# [Information]
━━━━━━━━━━━━━━━━━━━━━━━━━━━━━━
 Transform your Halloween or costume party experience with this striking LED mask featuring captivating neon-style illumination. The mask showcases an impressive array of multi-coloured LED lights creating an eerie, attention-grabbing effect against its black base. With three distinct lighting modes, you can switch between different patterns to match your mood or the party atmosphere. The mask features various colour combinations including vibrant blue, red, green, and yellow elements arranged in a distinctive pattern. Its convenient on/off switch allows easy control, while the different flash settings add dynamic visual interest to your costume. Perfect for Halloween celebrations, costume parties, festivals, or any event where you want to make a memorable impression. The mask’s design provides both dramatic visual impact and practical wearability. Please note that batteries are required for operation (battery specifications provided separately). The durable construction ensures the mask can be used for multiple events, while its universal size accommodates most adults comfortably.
━━━━━━━━━━━━━━━━━━━━━━━━━━━━━━
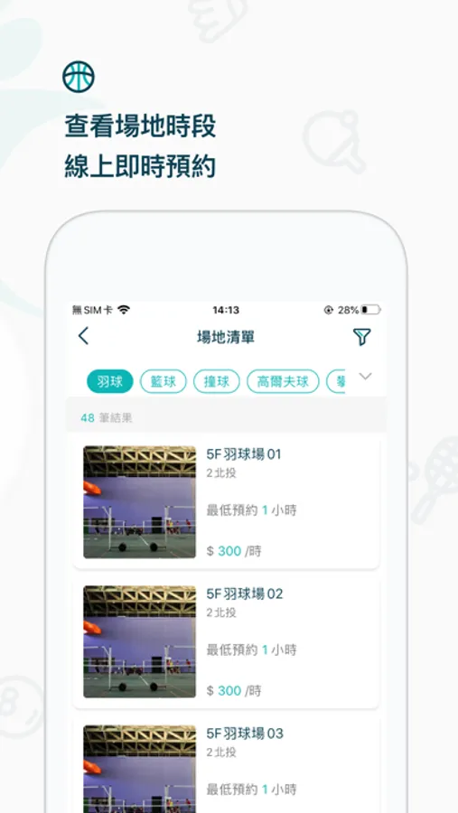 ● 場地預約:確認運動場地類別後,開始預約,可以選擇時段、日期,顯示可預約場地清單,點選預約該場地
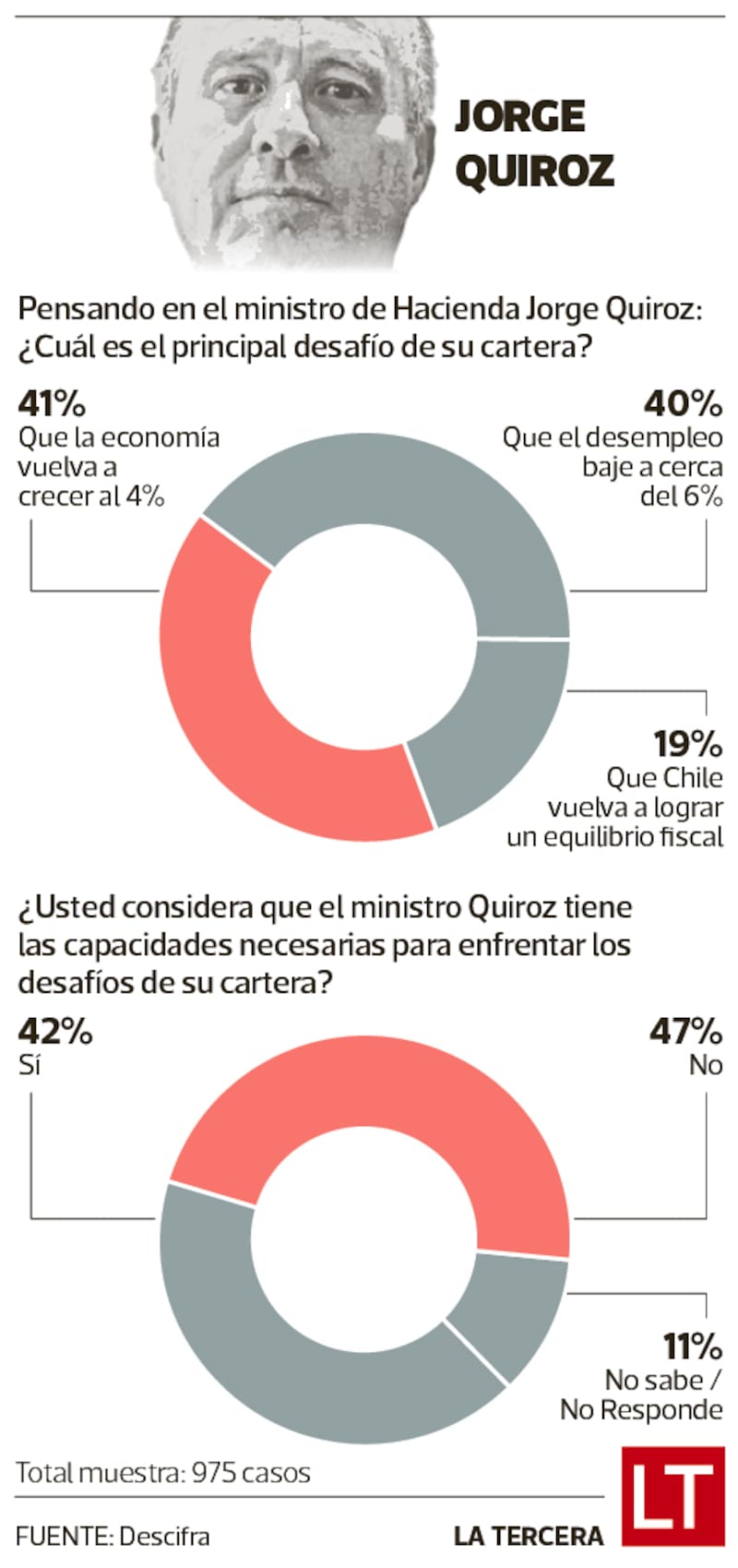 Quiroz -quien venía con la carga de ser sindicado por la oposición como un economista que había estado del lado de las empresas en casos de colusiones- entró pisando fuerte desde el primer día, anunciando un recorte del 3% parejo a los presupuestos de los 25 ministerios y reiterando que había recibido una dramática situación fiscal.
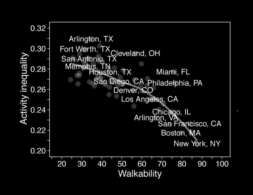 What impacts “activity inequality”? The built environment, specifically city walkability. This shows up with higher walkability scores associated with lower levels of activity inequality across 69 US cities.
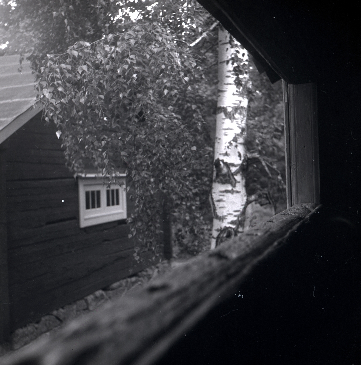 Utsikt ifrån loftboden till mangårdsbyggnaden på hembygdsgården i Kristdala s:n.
━━━━━━━━━━━━━━━━━━━━━━━━━━━━━━
Repeat exactly the stretch of the listing above that starts with the line holding "69 US cities." and finishes with the line holding "Utsikt ifrån loftboden", both included. Skip every picture.

 What impacts “activity inequality”? The built environment, specifically city walkability. This shows up with higher walkability scores associated with lower levels of activity inequality across 69 US cities.
 Utsikt ifrån loftboden till mangårdsbyggnaden på hembygdsgården i Kristdala s:n.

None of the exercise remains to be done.